Radiator begins with an everyday nightmare: middle-aged Daniel (Daniel Cerqueira) receives a phone call from his elderly mother, Maria (Gemma Jones), asking him to come up to their Cumbrian home for a couple of days, since his ailing father Leonard (Richard Johnson) cannot move from the sofa. Once he arrives at the house, however, it is clear that things definitely aren’t right. His father has stubbornly bunkered down, and is exercising his tyrannical dominion over Maria; here is a man who, possibly in the early stages of dementia, is frustrated at his reliance on others, and acts out in the only way he knows how – psychologically taking charge of those around him. His cantankerous nature knows no bounds: in one scene he complains to Maria that she has bought the straws ‘with the corrugated neck’, while in the next he is seen snipping off their tops with the precision of an army major. Their house needs to be set in order, but Daniel isn’t up to the task. Instead the amount of clutter in the house slowly grows, infiltrating on the edges of everyone’s lives like a malignancy.

While Leonard’s prickly nature makes it difficult to warm to him, Johnson’s effective performance brings to us a sense of how helpless Leonard feels, having to get his wife and child to clean him up after using the commode. However, the beating heart of the film is with Maria, whose internal suffering is portrayed with extreme pathos by Jones in a masterful performance. With a coping mechanism that doesn’t extend past pottering around and making tea, Maria’s internal turmoil is reflected in the dramatic Cumbrian landscape, which plays a role in this film similar to that of the Norfolk Broads in 45 Years – another carefully constructed film about aging and intimacy. In a world that seems skewed against aging actors, it is extremely heartening to see that films are being made that take an unflinching look at the nature of aging, and the effects it can have on the individual.

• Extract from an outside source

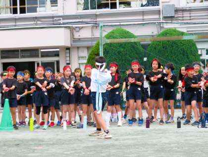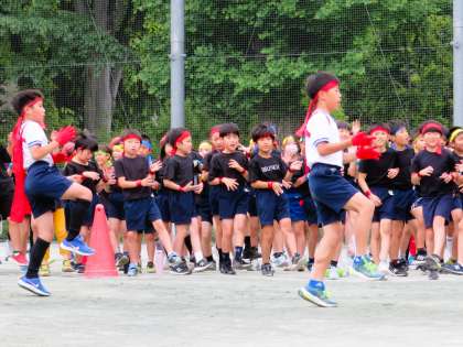 応援団のお手本ダンスを見ながら、軽快な音楽にからだを揺らしながら上手に踊っています!

That the film was Johnson’s last performance (he died earlier this year) adds a sense of poignancy, one that is reinforced by the fact that director Tom Fisher has mined deep within the seams of his family life. The plot of the film came from his own experiences with his aging, frail parents, and Radiator was shot in his own parent’s house in Cumbria, left untouched since their deaths. With shades of Andrew Haigh’s 45 Years and Michael Haneke’s Amour, Radiator is a subtle work, held up by powerful performances from the minute cast. The impression it leaves may be small, but it is certainly lasting.